Offhand, I feel like it sounds more likely to me that URL! is most convenient when people can round-trip the rather lenient expressions being put in their browser, as-is. Attempts we do at LOAD-time to canonize as part of the data type itself may frustrate, and do more harm than good.

I'm not in-the-know enough to know about the legality of schemes or fragments/pieces of URL!s where % does not mean URL-encoding. Obviously a Rebol scheme could do this, but I don't know if any official legal URL ever can. If not, it's probably inadvisable to permit Rebol schemes to.

I do understand this is an important issue, but it would help to see complete scenarios that are pain points and a list of all the tradeoffs.

#8

I actually meant when a text! is joined to a url!, or otherwise converted to one, and maybe vice versa.

#9

I had a thought in this vein, when considering TO in terms of the "stable state round-trip" philosophy. I've thought that might be interesting if TO TEXT! was all it took for a URL to get encoded, and TO URL! took it back to readable again. If such TO conversions were being run automatically, then maybe it would be sensible for operations like JOIN to be similar when working with combinations.

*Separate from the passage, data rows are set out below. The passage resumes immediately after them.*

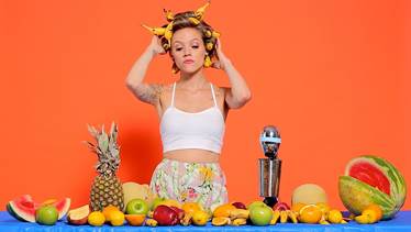 "The video for 'Human Contact' is another colorful clip from the singer-songwriter, who this time smashes a croquet club and curls her hair with yellow bananas" - Billboard.com
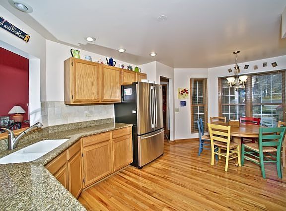 Wow, what a picture perfect sparkling townhome. Gorgeous hardwood floors on 1st level. Lovely frieze neutral carpet upstairs. Nice size kitchen w/granite counter-tops, Stainless Steel appliances and pantry. Convenient large 1st floor laundry room. Cozy den off entry. DR RM open to Two story LR w/gorgeous FP. Large basement w/carpeted good size rec room, large unfinished portion for storage & a bathroom. A 10+
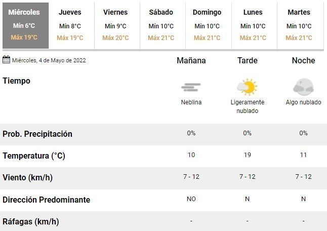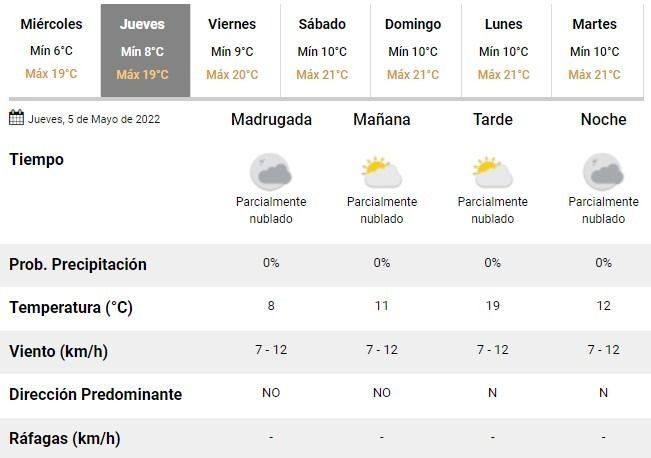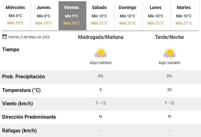 Para el fin de semana, en tanto, se prevén excelentes condiciones de tiempo, sin lluvias en el horizonte y con cielos algo a parcialmente nublados, con una temperatura ideal rondando los 10°C de mínima y los 21°C de máxima durante las dos jornadas de descanso.
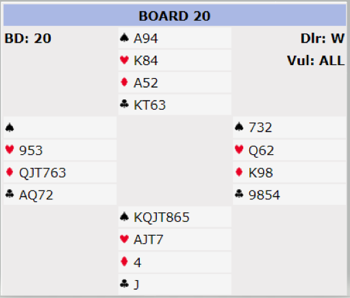 Dette var en fin måte å få tolv stikk på uten å måtte gjette hjerteren, men det ga likevel ikke godt betalt fordi som nevnt spilte nesten alle på hjerter dame hos øst og fikk tolv stikk. Så 4 spar med tolv stikk ga under middels (40%) fordi det mange meldte og vant slem. Om hjerter dame flyttes over til vest og ett annet kort over til øst ville det blitt veldig god betaling for +680 etter partiell eliminasjon og innspill, for i så fall ville de fleste andre gått bet i slem, eller fått kun elleve stikk i 4 spar etter å ha tapt ett stikk i hjerter og ett i kløver.
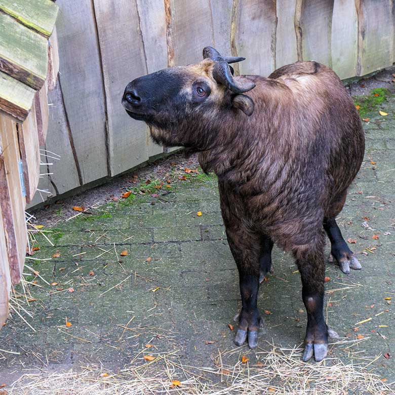 Weiblicher Mishmi-Takin MINJA am 27. November 2021 auf der oberen Außenanlage im Zoologischen Garten Wuppertal.
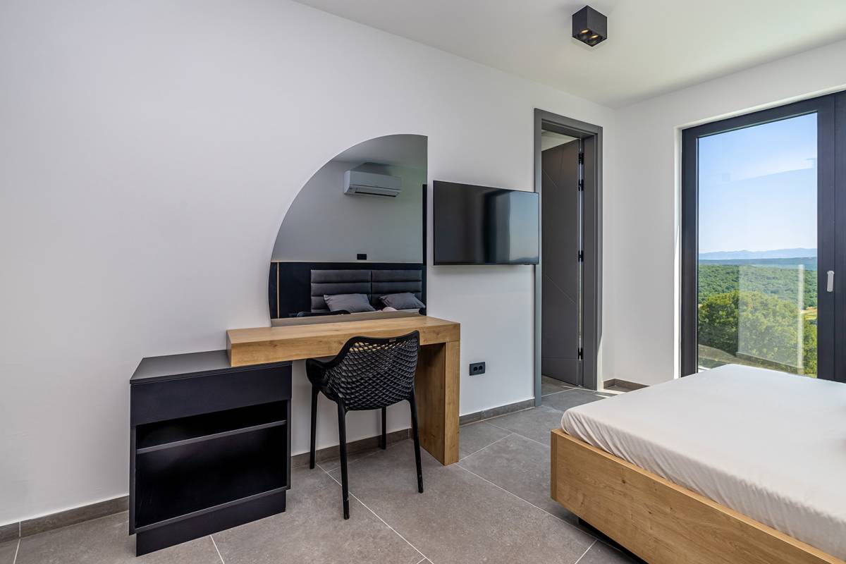 Smještena na mirnoj lokaciji u neposrednoj blizini grada Krka, ova moderna luksuzna vila pruža savršen spoj elegancije, udobnosti i potpune privatnosti. Vila se nalazi uz rub građevinske zone, okružena netaknutom prirodom i maslinicima, idealna za one koji traže mir i opuštanje, a pritom žele biti nadomak svih sadržaja koje nudi grad Krk.
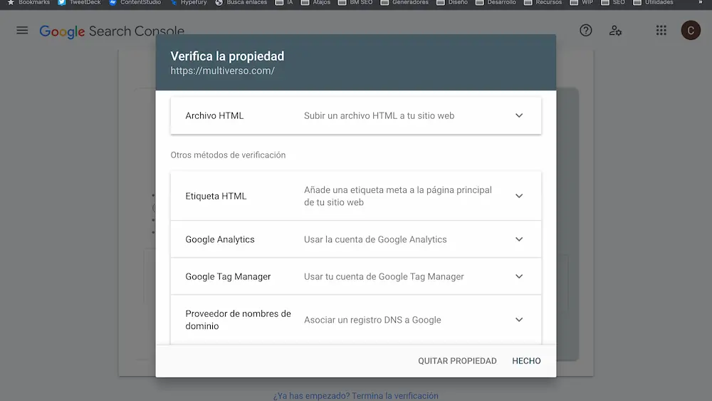En este caso tienes más métodos disponibles para verificar tu propiedad.

What made me hesitant to pursue is that if we went this route with FILE!, it would result in inconsistent behavior on Windows vs. Linux. You'd have to make sure every TEXT! plus FILE! operation had the backslashes going the right way in the TEXT!.

linux>> join "abc" %d/e/f
== "abcd/e/f"

windows>> join "abc" %d/e/f
== "abcd\e\f"

It may be that URL encoding is a different beast. But I think there's a pretty high bar for "magic" in a system--if there's going to be any, it better be really good magic with a clearly amazing payoff. Otherwise it's just more complexity, which is a net negative--even if you tinker around and find it has a slight advantage overall.

1 Like
#10

I think immutable paths make sense, and disallowing single-element paths or paths with anything but WORD!, TEXT!, INTEGER!, DECIMAL!, BLOCK!, GROUP!, and BLANK! may make sense. (TAG! or other types perhaps, also, but the key is just to stop ambiguous constructions at the moment of creation.)

But taking ANY-PATH! out of ANY-SERIES! may be unnecessary.

The way it could make sense could be if we follow the concept that arrays with iteration positions other than the head are rendered is to include the index. e.g.:

 >> p: 'foo/baz/bar
 == foo/baz/bar

 >> next p
 == 2|foo/baz/bar

Not saying this notation is ideal, but the concept is that any non-head series shows its index value and the full data. So no matter how big your data, offsetting it by an index doesn't hide it in molding. If you have the need to truncate a series, you either have it mutable or COPY the data out.

The console could truncate to show you the most likely relevant portion, e.g. from the index position on. This would be similar to how it truncates the output of very long molds at the tail...it's just truncating long molds at the head.

This ties in with the very important "Where the Series Ends" post. That discusses the hidden index semantics, proposing there being no difference between that and a separately tracked INTEGER!...so it is purely an efficiency trick. Looked at this way helps answer a lot of questions about why that field is there, and prevents having two separate branches of semantics...one for when you use the index internal to the series, and one for when you are operating relative to some external index.